(Supplied records)

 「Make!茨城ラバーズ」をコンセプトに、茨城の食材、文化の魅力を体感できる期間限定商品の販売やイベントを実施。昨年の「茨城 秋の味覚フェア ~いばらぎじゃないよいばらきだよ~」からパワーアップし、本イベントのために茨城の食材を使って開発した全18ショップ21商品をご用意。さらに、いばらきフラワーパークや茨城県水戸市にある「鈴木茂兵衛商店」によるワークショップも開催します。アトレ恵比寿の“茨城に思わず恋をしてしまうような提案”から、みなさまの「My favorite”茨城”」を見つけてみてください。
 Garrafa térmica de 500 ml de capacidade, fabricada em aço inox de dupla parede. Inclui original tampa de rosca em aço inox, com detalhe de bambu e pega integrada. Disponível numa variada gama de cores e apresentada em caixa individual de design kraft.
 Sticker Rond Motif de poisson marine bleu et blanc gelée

==

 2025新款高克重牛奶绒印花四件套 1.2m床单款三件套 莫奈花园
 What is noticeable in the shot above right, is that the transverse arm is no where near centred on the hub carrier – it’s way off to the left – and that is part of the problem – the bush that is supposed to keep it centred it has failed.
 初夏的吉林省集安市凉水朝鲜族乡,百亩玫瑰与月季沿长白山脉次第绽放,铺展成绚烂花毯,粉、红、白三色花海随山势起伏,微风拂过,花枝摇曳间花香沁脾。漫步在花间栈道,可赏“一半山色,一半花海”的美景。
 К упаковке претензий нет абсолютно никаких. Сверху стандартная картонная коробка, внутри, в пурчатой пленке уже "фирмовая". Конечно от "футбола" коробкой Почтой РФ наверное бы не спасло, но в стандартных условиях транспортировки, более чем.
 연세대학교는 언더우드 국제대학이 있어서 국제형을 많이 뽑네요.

(Problem statement)
Nothing but the lines above from the one containing "2025新款高克重牛奶绒印花四件套 1.2m床单款三件套 莫奈花园" through the one containing "연세대학교는 언더우드 국제대학이 있어서 국제형을 많이 뽑네요." should appear in the answer, each repeated exactly.

(Answer box)
 2025新款高克重牛奶绒印花四件套 1.2m床单款三件套 莫奈花园
 What is noticeable in the shot above right, is that the transverse arm is no where near centred on the hub carrier – it’s way off to the left – and that is part of the problem – the bush that is supposed to keep it centred it has failed.
 初夏的吉林省集安市凉水朝鲜族乡,百亩玫瑰与月季沿长白山脉次第绽放,铺展成绚烂花毯,粉、红、白三色花海随山势起伏,微风拂过,花枝摇曳间花香沁脾。漫步在花间栈道,可赏“一半山色,一半花海”的美景。
 К упаковке претензий нет абсолютно никаких. Сверху стандартная картонная коробка, внутри, в пурчатой пленке уже "фирмовая". Конечно от "футбола" коробкой Почтой РФ наверное бы не спасло, но в стандартных условиях транспортировки, более чем.
 연세대학교는 언더우드 국제대학이 있어서 국제형을 많이 뽑네요.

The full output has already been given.